◆ Work request:
Both the line containing "1.7.1. Toda la" and the line containing "Proses pelatihan diawali" belong to the span. Output exactly that span from the listing below, and nothing outside it.

◆ Raw data:
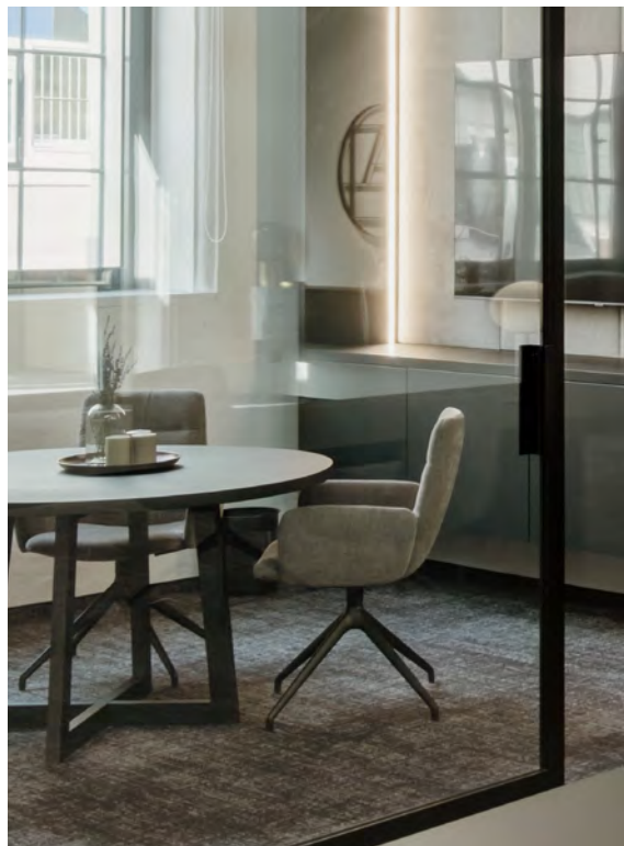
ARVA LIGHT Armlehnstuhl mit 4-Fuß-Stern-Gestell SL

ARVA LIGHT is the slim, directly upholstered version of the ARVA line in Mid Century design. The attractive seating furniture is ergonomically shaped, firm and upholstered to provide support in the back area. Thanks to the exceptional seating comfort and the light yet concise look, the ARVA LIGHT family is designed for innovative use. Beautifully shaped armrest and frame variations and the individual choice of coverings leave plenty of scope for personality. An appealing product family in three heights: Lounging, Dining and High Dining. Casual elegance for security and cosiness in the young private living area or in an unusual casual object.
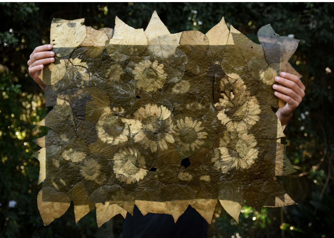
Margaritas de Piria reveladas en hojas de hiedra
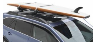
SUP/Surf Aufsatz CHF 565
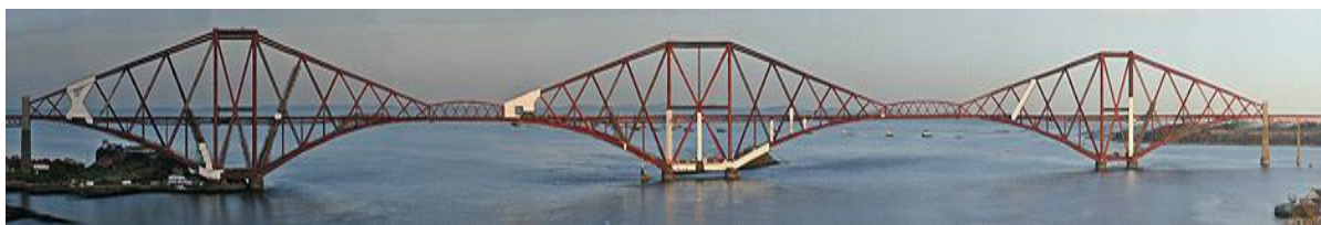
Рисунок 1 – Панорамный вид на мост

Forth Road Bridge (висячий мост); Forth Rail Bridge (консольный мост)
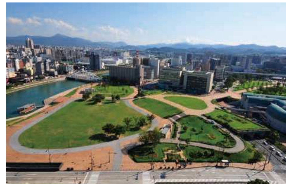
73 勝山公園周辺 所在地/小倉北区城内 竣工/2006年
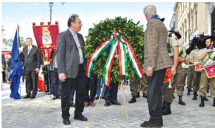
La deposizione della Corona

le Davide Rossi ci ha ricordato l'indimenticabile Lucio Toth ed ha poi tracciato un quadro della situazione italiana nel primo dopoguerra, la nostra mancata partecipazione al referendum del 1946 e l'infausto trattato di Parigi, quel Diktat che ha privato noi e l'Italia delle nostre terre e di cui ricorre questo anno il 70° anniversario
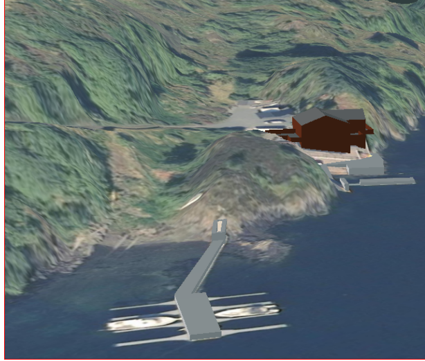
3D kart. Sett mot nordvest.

...

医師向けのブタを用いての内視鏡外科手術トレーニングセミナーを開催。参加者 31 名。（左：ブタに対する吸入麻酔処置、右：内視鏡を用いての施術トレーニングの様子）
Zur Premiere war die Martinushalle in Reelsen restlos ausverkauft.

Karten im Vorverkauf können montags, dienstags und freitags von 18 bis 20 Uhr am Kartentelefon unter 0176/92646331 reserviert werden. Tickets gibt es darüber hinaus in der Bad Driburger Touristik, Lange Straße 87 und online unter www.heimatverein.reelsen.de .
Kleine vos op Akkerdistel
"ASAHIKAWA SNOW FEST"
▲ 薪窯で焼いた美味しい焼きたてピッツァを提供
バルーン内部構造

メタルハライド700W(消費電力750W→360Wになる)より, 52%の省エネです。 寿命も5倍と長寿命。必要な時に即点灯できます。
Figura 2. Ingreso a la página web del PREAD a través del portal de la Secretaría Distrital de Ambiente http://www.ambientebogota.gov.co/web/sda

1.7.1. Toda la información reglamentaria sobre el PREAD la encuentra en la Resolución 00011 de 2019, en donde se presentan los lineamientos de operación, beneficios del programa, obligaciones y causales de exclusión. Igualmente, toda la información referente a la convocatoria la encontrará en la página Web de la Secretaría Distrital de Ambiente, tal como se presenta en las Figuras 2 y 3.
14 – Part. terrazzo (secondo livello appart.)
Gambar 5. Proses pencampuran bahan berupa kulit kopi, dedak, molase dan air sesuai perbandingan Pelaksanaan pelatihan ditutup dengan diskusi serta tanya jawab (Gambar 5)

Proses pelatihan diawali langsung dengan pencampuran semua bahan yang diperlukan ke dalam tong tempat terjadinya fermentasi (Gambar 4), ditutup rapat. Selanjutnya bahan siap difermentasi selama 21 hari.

◆ Expected answer:
1.7.1. Toda la información reglamentaria sobre el PREAD la encuentra en la Resolución 00011 de 2019, en donde se presentan los lineamientos de operación, beneficios del programa, obligaciones y causales de exclusión. Igualmente, toda la información referente a la convocatoria la encontrará en la página Web de la Secretaría Distrital de Ambiente, tal como se presenta en las Figuras 2 y 3.
14 – Part. terrazzo (secondo livello appart.)
Gambar 5. Proses pencampuran bahan berupa kulit kopi, dedak, molase dan air sesuai perbandingan Pelaksanaan pelatihan ditutup dengan diskusi serta tanya jawab (Gambar 5)

Proses pelatihan diawali langsung dengan pencampuran semua bahan yang diperlukan ke dalam tong tempat terjadinya fermentasi (Gambar 4), ditutup rapat. Selanjutnya bahan siap difermentasi selama 21 hari.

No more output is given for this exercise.